Lee Bosch, owner of Bosch Motors in Winnemucca, which shifted its business model to selling used cars after General Motors restructured in 2009, agrees that auction prices are squeezing dealers.

Locating heavy-duty three-quarter or one-ton pickups that one to four years old is difficult, Bosch says. When they do come up at auction, they usually sell for more than wholesale prices.

"I have no idea how they resell it," Bosch says. "It is crazy. In a lot of cases I tell clients to get brand new. Trying to find one- or two-year old used truck is just impossible."

Ben Scott, owner of Scott Motors, also shifted focus in recent years to used car sales after losing a franchise for Cadillac and Buick lines in 2009. (Scott Motors still has a new-car franchise for the Land Rover line.)

Scott says prices paid for used cars often make him wince because those prices must be passed on to consumers.

Recently, Scott says, there is a narrowing gap between the cost of new and used vehicles, which ultimately could curtail sales of used vehicles.

Generally, used cars have a higher profit margin for dealers, while profit margin for new cars largely is determined by the manufacturers, Scott says.

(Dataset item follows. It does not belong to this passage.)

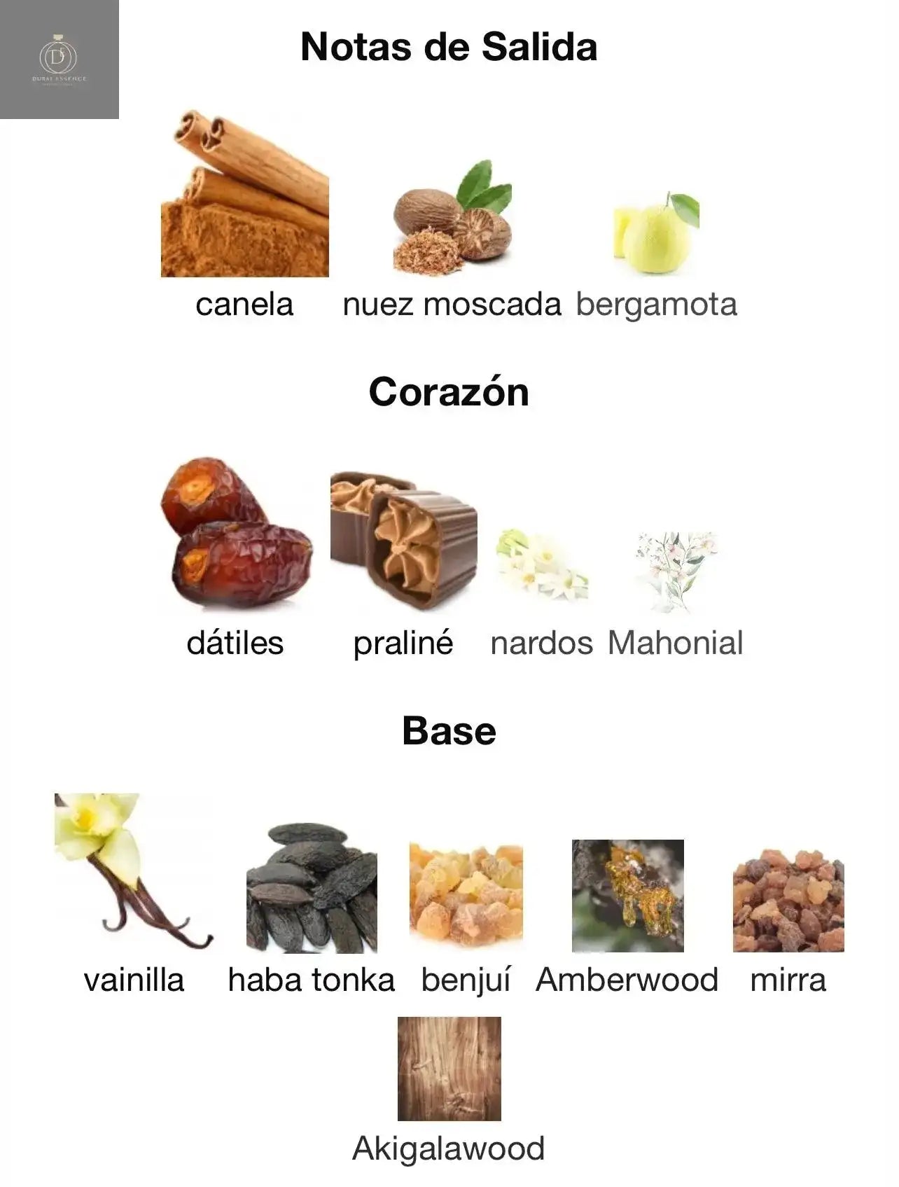 Starting with a subtle and delicate bergamot, which opens perfectly in the top note to give way to good liquor, a balanced sweetness combined with an alcoholic note and creamy cinnamon that gives a feeling of immense luxury.The great complement to this fragrance is the combination of dates and praline, creating the atmosphere of a delicious gourmand wrapped in 24-karat gold.

"You have to maintain that differential between new and used, and it squeezes the whole thing," Scott says. "It squeezed the dealerships' potential for profit."

Smaller profit margins means dealerships are more focused on sales volume than margins on individual transactions, Hohl adds.

Despite higher prices dealers are paying for use vehicles, auto sales have been brisk the first two quarters of the year.

All four product lines from General Motors had their best June sales figures since 2007, Hohl says.

Michael Hohl Motor Company typically relies on trade-ins for much of its inventory of used vehicles, but like most dealerships it also purchases used cars from auctions and online retailers.

"For the most part people are having to pay more for a car than they would have before the recession really started to hit," Hohl says. "But by extension we are giving more money for trades than we ever have before. People still are going to buy the same car, they just have to realize they will have to pay more for some of these used cars.